One of the earliest policy gradient methods for episodic tasks was REINFORCE, which presented an analytical expression for the gradient of the objective function and enabled learning with gradient-based optimization methods. The algorithm involved generating a complete episode and using the return (sum of rewards) obtained in calculating the gradient. However, the method suffers from high variance in the gradients, which results in slow unstable learning and a lot of frustration…

It was soon discovered that subtracting a ‘baseline’ from the return led to reduction in variance and allowed faster learning. Several such baselines were proposed, each with its own set of advantages and disadvantages. The easy way to go is scaling the returns using the mean and standard deviation. This technique, called whitening is often necessary for good optimization, especially in the deep learning setting.

However, more sophisticated baselines are possible. We could learn to predict the value of a state, i.e., the expected return from the state, along with learning the policy and then use this value as the baseline. Starting from the state, we could also make the agent greedy, by making it take only actions with maximum probability, and then use the resulting return as the baseline. This approach, called self-critic, was first proposed in Rennie et al.¹ and also shown to give good results in Kool et al.² Another promising direction is to grant the agent some special powers - the ability to play till the end of the game from the current state, go back to the state and play more games following alternative decision paths.
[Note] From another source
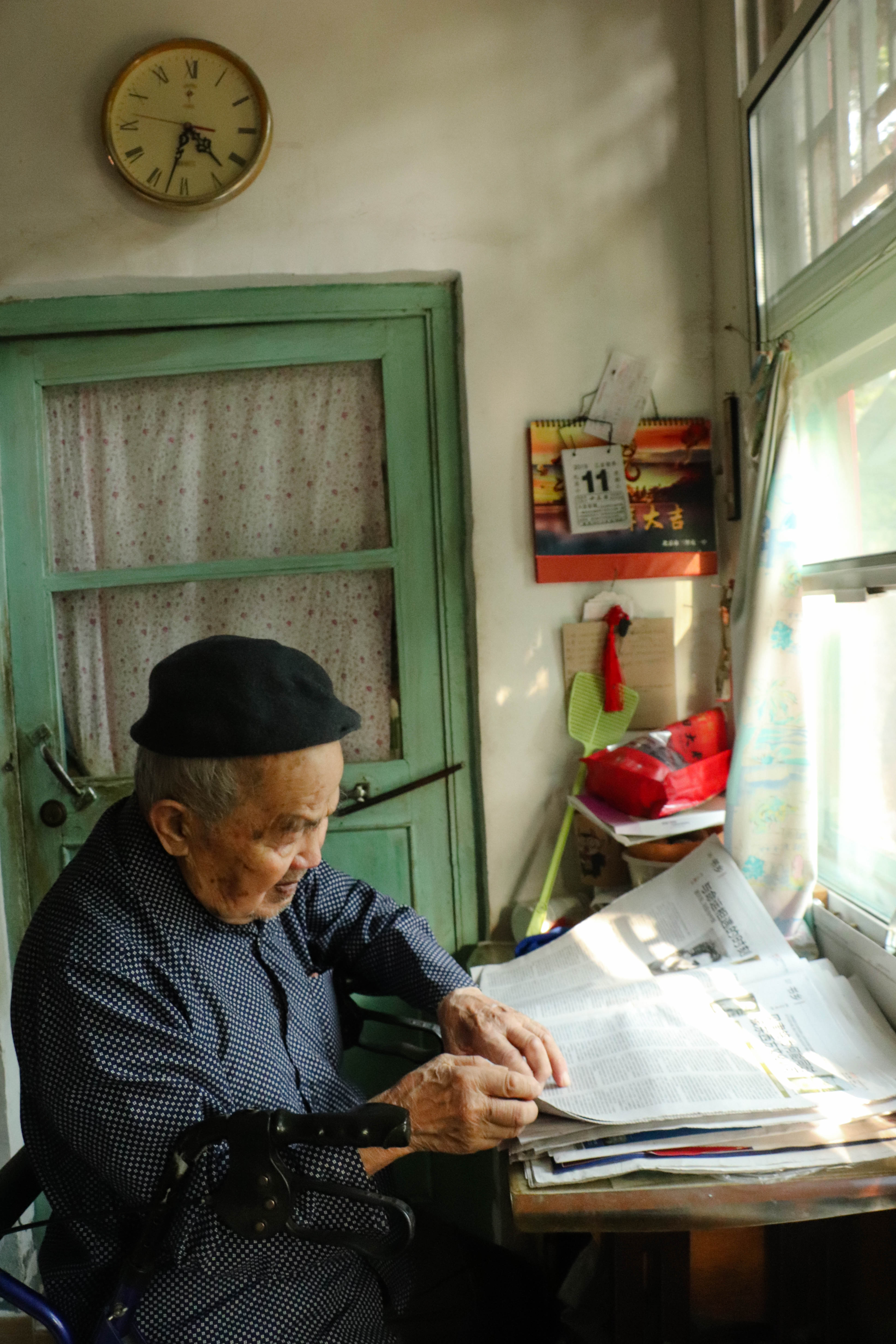 随意抽取一段黄昏时光,张广之老人在桌前看报纸,大儿子在旁边坐着看书,小儿子给父亲喂水,女儿张罗着给父亲做饭。我们常说的岁月静好大概就是如此这般吧。老人的眼神依然清亮,若不说明很难相信他已经走过了整整一百年的光阴,而大儿子张世弘看起来也不像70岁的人。
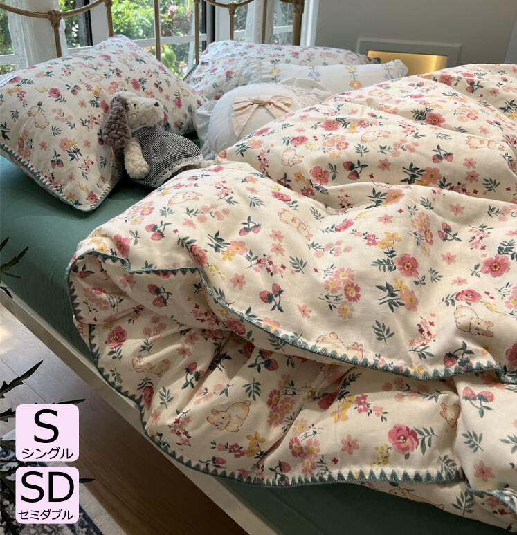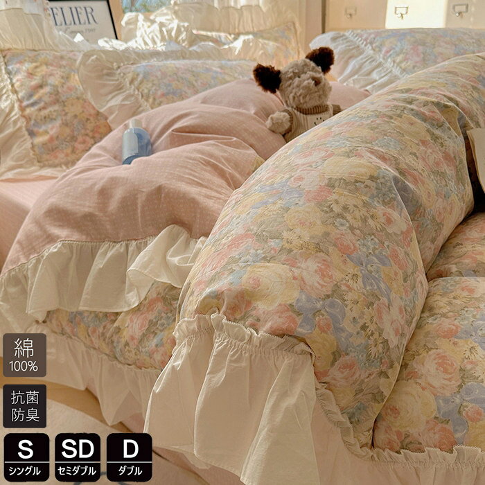 布団カバー 綿100% シングル 3点4点セット フリル付き 花柄掛け布団カバー かわいい おしゃれ・・・

The average of returns from these plays could serve as a baseline. This method, which we call the self-critic with sampled rollout, was described in Kool et al.³ The greedy rollout is actually just a special case of the sampled rollout if you consider only one sample being taken by always choosing the greedy action.

While most papers use these baselines in specific settings, we are interested in comparing their performance on the same task. This is what we will do in this blog by experimenting with the following baselines for REINFORCE:

  • Whitening the returns of the episodes
  • Learned value function
  • Self-critic with sampled rollout

We will go into detail for each of these methods later in the blog, but here is already a sneak peek of our models we test out.

Visualization of the three methods. 1. Regular REINFORCE. 2.REINFORCE with learned baseline: an external function takes a state and outputs its value as the baseline. 3. REINFORCE with sampled baseline: the average return over a few samples is taken to serve as the baseline.

We focus on the speed of learning not only in terms of number of iterations taken for successful learning but also the number of interactions done with the environment to account for the hidden cost in obtaining the baseline. Also, while most comparative studies focus on deterministic environments, we go one step further and analyze the relative strengths of the methods as we add stochasticity to our environment.

The outline of the blog is as follows: we first describe the environment and the shared model architecture. Then we will show results for all different baselines on the deterministic environment. Finally, we will compare these models after adding more stochasticity to the environment.

Experimental setup

CartPole

The environment we focus on in this blog is the CartPole environment from OpenAI’s Gym toolkit, shown in the GIF below. The environment consists of an upright pendulum joint to a cart. This system is unstable, which causes the pendulum to fall over. The goal is to keep the pendulum upright by applying a force of -1 or +1 (left or right) to the cart. A reward of +1 is provided for every time step that the pole remains upright. The state is described by a vector of size 4, containing the position and velocity of the cart as well as the angle and velocity of the pole. The episode ends when the pendulum falls over or when 500 time steps have passed.

We work with this particular environment because it is easy to manipulate, analyze and fast to train. Also, it is a very classic example in reinforcement learning literature.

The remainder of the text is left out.